The rest of the movie was spent wondering why the movie went out of its way to establish Dastan as a street rat orphan with great parkour skills and a heart of gold, except instead of a monkey in a fez and a flying carpet he gets adopted by the king and elevated to the status of a prince. This serves no true narrative purpose beyond a few references here and there. It could have been cut from the movie without affecting anything except shaving off about ten minutes of runtime. Just have him be the youngest son who's a black sheep because he's a bit of wild rebel who doesn't take his position as seriously as his older brothers so he gets restless and does something stupid and then has to clean up his mess. That's motivation enough for most fairy tales, and all of those elements are in the movie. Hell, the motivation for the assassination of the king is actually quite elegant (and petty, but hey, its regicide) in its simplicity.

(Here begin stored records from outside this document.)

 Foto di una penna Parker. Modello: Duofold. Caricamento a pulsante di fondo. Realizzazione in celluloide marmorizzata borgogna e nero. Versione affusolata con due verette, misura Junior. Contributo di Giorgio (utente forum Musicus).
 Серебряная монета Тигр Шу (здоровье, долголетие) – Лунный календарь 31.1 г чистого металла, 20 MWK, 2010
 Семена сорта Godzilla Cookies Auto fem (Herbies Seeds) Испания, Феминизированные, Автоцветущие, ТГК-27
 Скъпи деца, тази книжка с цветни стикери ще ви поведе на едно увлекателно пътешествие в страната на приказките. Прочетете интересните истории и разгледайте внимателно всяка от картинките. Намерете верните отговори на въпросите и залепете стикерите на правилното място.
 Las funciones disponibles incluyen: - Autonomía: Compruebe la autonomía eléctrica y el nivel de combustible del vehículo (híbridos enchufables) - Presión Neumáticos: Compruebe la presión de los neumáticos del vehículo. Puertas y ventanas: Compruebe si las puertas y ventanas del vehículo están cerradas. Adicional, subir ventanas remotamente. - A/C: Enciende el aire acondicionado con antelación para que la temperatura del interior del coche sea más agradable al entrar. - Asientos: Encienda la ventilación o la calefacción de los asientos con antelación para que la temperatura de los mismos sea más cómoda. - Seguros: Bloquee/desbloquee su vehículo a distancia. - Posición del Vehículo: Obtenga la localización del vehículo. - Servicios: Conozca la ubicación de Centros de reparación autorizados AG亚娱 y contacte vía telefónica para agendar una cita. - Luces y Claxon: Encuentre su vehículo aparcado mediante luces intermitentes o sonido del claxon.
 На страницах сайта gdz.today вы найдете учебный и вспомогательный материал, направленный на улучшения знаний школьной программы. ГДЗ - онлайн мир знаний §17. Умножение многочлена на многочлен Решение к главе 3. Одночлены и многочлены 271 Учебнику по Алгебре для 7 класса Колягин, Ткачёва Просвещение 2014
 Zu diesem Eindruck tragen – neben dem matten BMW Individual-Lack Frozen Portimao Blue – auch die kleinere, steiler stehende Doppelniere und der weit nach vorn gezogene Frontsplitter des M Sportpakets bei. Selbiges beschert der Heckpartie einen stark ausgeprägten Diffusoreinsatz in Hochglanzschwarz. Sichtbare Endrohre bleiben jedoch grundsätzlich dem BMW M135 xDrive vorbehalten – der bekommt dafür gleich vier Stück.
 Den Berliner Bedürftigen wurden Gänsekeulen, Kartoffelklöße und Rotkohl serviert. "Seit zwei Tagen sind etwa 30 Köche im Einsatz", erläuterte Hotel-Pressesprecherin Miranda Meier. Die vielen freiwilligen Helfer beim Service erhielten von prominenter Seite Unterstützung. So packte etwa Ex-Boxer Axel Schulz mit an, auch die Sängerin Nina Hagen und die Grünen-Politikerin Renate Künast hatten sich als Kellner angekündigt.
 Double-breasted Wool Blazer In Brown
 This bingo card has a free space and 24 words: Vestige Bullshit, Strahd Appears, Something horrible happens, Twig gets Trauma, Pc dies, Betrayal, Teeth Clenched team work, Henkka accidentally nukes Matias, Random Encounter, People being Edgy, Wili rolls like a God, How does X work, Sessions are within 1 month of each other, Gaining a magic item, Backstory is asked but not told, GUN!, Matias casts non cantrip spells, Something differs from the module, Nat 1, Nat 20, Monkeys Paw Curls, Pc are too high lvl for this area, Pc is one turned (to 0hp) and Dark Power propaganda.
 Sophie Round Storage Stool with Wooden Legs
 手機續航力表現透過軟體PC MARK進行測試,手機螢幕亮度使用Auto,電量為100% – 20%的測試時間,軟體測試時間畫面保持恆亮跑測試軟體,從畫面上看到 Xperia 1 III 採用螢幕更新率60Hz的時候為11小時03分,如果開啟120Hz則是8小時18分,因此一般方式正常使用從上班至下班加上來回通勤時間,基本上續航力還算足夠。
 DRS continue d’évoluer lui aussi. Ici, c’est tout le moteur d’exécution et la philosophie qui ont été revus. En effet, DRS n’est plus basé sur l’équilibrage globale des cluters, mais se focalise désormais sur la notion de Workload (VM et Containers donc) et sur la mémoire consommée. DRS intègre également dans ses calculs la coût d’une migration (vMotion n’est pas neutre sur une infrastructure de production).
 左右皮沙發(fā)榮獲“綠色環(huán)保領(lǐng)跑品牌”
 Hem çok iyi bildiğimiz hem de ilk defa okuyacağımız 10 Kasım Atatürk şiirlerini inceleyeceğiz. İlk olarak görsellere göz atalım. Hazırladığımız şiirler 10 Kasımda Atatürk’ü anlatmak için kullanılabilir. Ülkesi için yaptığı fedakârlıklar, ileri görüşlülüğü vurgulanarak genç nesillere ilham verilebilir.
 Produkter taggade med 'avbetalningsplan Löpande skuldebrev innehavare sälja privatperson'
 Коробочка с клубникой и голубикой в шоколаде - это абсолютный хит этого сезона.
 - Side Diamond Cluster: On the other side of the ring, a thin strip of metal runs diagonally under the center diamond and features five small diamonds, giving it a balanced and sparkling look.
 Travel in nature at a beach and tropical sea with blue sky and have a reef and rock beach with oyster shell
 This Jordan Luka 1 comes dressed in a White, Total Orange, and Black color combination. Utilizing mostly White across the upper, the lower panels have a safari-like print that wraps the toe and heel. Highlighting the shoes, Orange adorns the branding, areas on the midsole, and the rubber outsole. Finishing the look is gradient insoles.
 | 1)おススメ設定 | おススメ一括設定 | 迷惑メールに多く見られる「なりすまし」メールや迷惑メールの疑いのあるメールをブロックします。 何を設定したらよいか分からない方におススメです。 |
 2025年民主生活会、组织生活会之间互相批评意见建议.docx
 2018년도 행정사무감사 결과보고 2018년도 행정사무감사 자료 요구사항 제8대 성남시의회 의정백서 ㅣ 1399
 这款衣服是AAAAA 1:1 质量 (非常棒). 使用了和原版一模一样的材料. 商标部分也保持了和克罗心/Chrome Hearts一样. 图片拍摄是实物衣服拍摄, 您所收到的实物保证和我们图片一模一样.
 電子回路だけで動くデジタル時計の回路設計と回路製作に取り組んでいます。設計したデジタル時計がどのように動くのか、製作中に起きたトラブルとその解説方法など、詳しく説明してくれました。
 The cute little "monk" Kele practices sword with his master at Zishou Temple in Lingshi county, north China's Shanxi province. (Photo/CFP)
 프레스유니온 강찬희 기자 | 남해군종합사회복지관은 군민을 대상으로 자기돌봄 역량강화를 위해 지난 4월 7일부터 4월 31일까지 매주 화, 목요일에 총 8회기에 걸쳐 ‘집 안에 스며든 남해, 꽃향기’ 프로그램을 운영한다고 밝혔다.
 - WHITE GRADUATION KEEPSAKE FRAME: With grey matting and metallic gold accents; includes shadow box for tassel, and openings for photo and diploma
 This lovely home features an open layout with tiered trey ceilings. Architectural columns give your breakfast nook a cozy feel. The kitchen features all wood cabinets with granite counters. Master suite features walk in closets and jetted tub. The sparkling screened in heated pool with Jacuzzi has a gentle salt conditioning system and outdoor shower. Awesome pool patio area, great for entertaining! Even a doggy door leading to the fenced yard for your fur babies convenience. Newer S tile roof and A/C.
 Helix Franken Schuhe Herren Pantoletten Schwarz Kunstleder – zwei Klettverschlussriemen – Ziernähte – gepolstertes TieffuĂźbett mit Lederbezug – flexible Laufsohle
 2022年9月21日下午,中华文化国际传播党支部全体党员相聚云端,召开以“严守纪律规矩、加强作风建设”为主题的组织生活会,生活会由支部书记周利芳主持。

Instead we get some bullshit about him being some everyman commoner, except he's not. He's an orphan with exceptional climbing ability and a reckless courage. Yes, this kind of exceptionalism does show up in folklore a lot, but its perfectly fine for your protagonist to be an exceptional individual with a simple or undefined backstory. IndianaJones is a pulp archeologist who's great with a whip and a mean right hook. John McLane is an overworked, cynical cop estranged from his family but succeeds due to cunning and stubborness. Robin Hood is an altruistic nobleman and marksman who becomes outraged by injustice and decides to do something about it. These are great characters because of their exceptional deeds and outsized personalities. Dastan only gets a few chances to really be a character, like when he's trying to lie to Sheik Amar about his real identity, realizes that its not working, laughs sheepishly and then makes a run for it. If the movie was more like that scene it would have been much better.

Oh, and one more thing, in a movie where the major plot device can magically turn back time, it kind of telegraphs how the ending's going to go.

Sounds
Music by Harry Gregson-Williams. He's done much better work. Like so much else in the movie, it is serviceable but ultimately forgettable.

Verdict
Prince of Persia: The Sands of Time is a functional piece of movie that does what it intends to. It looks fine and holds together reasonably well, much like a solid chair. Also like a solid chair, you don't really think about it unless you are making a deliberate effort to analyze it for its strengths and weaknesses and so you can judge it by its merits, but only lunatics do that sort of thing.


...ahem...

What I mean to say is that Prince of Persia feels like it was made with a checklist in hand and then a bunch of competent people were told to go make what was on the checklist. That makes it merely average and forgettable, which is a miracle for video game based movies.